Why write this article

Recently, it was revealed that Github was recording passwords in plain text in its internal log.

Although the impact is said to be small, network and data security issues are once again on the table. Most users’ common passwords are only a few, once hackers get to other websites, “hit the library”, may cause users’ property damage.

This article mainly introduces how to encrypt the transmission and storage of user passwords, and explains the related principles.

The encrypted

There are two main ways of encryption: symmetric encryption and asymmetric encryption.

Symmetric encryption

Symmetric encryption: The same secret key is used for encryption and decryption.

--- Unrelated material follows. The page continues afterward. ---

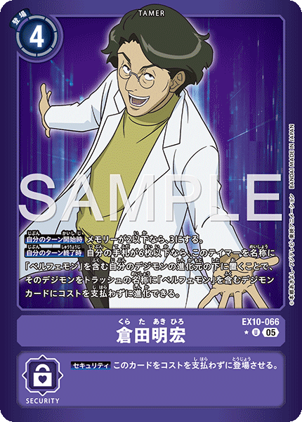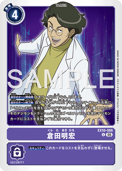 倉田明宏 EX10-066 U 【自分のターン開始時】メモリーが2以下なら、3にする。 【自分のターン終了時】自分の手札が6枚以下なら、このテイマーを名称に「ベルフェモン」を含む自分のデジモンの進化元の下に置くことで、そのデジモンをトラッシュの名称に「ベルフェモン」を含むデジモンカードにコストを支払わずに進化できる。 --- 【セキュリティ】このカードをコストを支払わずに登場させる。

The symmetric encryption mode is:

  • Party A selects a certain encryption rule and encrypts the information
  • Party B shall use the same rules to decrypt the information

The communication between client and server uses symmetric encryption. If only one secret key is used, it is easy to crack. If different secret keys are used each time, the management and transmission cost of massive secret keys will be relatively high.

Asymmetric encryption

Asymmetric encryption: Two keys are required for encryption and decryption, the public key and the private key.

The mode of asymmetric encryption is:

  • Party B generates two keys (public key and private key). The public key is public and accessible to anyone, while the private key is private
  • Party A obtains Party B’s public key and uses it to encrypt the information
  • Party B obtains the encrypted information and decrypts it with the private key.

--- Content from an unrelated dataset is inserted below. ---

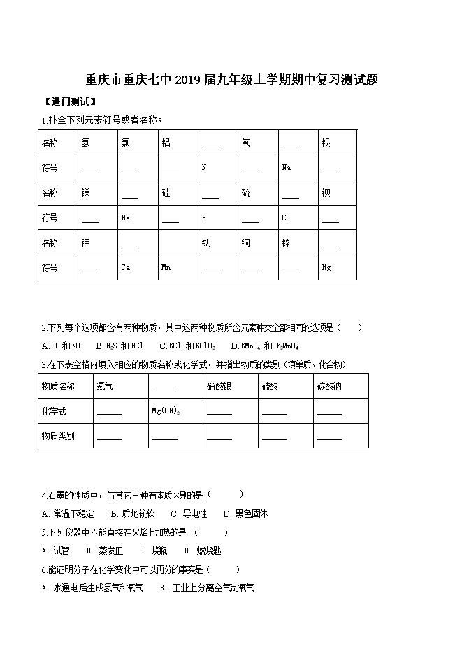 重庆市七中2019届九年级上学期期中复习测试题(word版无答案)

Even if the hacker gets the public key, there is no way to decrypt it without the private key. Regardless of the rainbow table, it is possible to use a pair of secret keys for a long time.

RSA

The most classical asymmetric encryption algorithm is RSA algorithm.

RSA public key encryption algorithm was proposed in 1977 by Ron Rivest, Adi Shamir and Leonard Adleman. Public and private keys come in pairs, with one encrypted only to be decrypted by the other, usually with the public key encrypted and the private key decrypted.

Why is RSA capable of asymmetric encryption?

Co-prime: Two positive integers are said to be co-prime if they have no common factor other than 1

In simple terms, RSA exploits the principle that it is extremely difficult to factor if the product of two positive integers of a mutually prime relationship is large enough (the longest RSA key ever cracked is 768 bits, whereas the normal key is at least 1024 bits).

Through a certain operation, a calculation result and product as a public key, another calculation result and product as a private key, that is, the public key can be used to encrypt, and the private key is used to decrypt. Specific mathematical formula derivation and proof can refer to the PRINCIPLE of RSA algorithm.

Login to Github

With that said, let’s take a look at how Github transmits passwords.

Looking at the request of the login request, it is found that the password is transmitted in plain text……

So, is this transmission safe? It’s ok because YOU’re using HTTPS, but it’s not secure enough.

HTTP and HTTPS

In a conventional HTTP request, where all information is transmitted in plain text, there are three major risks as long as a middleman hijks at any stage of the link:

  • Eavesdropping risk: Third parties can learn the content of communications.
  • Tampering risk: Third parties may modify the content of communications.
  • Impersonation risk (pretending) : Third parties may impersonate others to participate in communications.

How to solve these problems? Using HTTPS.

HTTPS can be thought of as HTTP + TLS TLS is a transport layer encryption protocol. It is the predecessor of SSL. Unless otherwise specified, SSL and TLS refer to the same protocol.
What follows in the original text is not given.